I earned 'Distrinction' in Grade One piano examination, 'Merit' in Speech and Drama, and passed the Common Entrance to join the Senior School.
When the weather was fine we often had tea in the back garden. We put a notice by the front door-bell inviting callers to come down the long side passage, and there would always be a cup of tea for them. Here are Mummy, Attie, Daddy and Thai the Siamese cat.
Views of Uncle Ted's farm, Tudor Grange in Suffolk
Above: Tudor Grange, and Uncle Ted at the front porch. Below, Mr Crick the farm-hand. I would get up early to watch him milk the cow, then separate the cream from the milk in the dairy. I carried the jug in for breakfast. I always developed boils and styes from the rich food, and my Mother fed me on Minadex "to clean the blood" when I got home.
Compare this colour picture of Tudor Grange taken on a visit to Nell, Uncle Ted's widow in the 1980s with the one above from the 50s. Little has changed.

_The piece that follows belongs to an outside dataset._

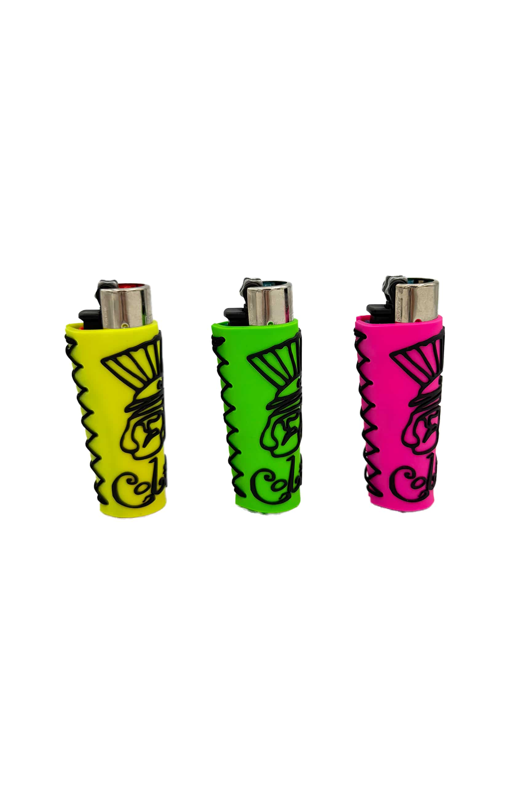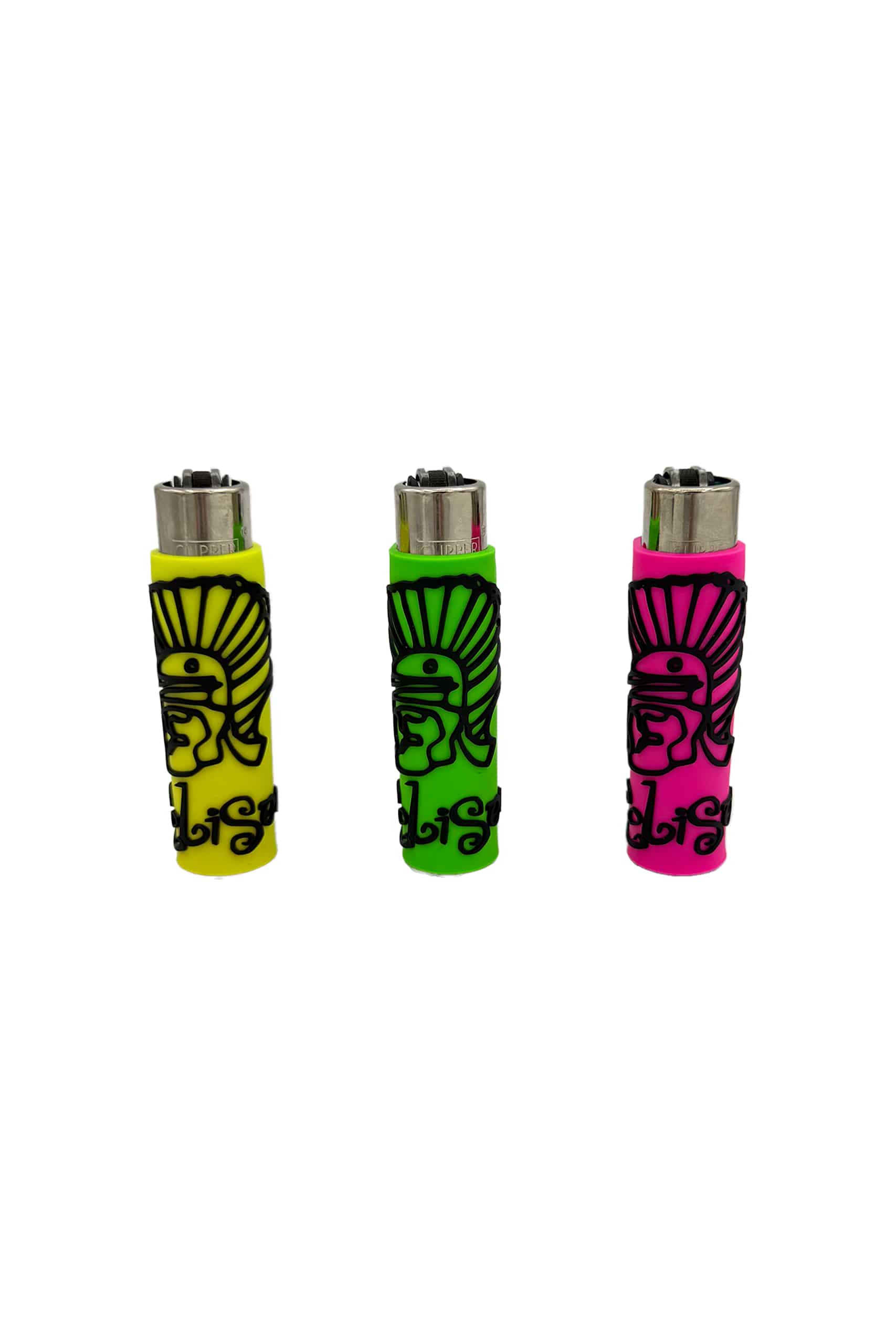 Mechero Clipper con diferentes fundas de silicona / goma de Coliseum que incluye la cabeza del romano y las clásicas letras de nuestro logotipo. Disponible en blanco, rosa o amarillo.

Although I was only there a few days each year, Tudor Grange felt like a second home. I loved it dearly --- the rambling old farm-house, the outbuildings, the animals and corn-fields, the cosy low-ceilinged kitchen with Aga cooker and caged canary, my Grannie's four-poster bed, the winding staircase outside the guest bedroom, with tiny steps up to the loft (which I never saw), and the dark, spooky and seldom used main staircase in the other half of the house. I loved the way Grannie would say "Please pass the condiments, dear" and I would handle the exquisite, probably Georgian silver and crystal cruet. I loved the three Meissen figurines, which were later inherited by my sister, brother and me. I loved the smell of freshly cut straw and the whirring noise of the combine harvester. There were only two things I did not like. One was the family of very, very large spiders who watched me having my bath. The other was having to go home at the end of the visit.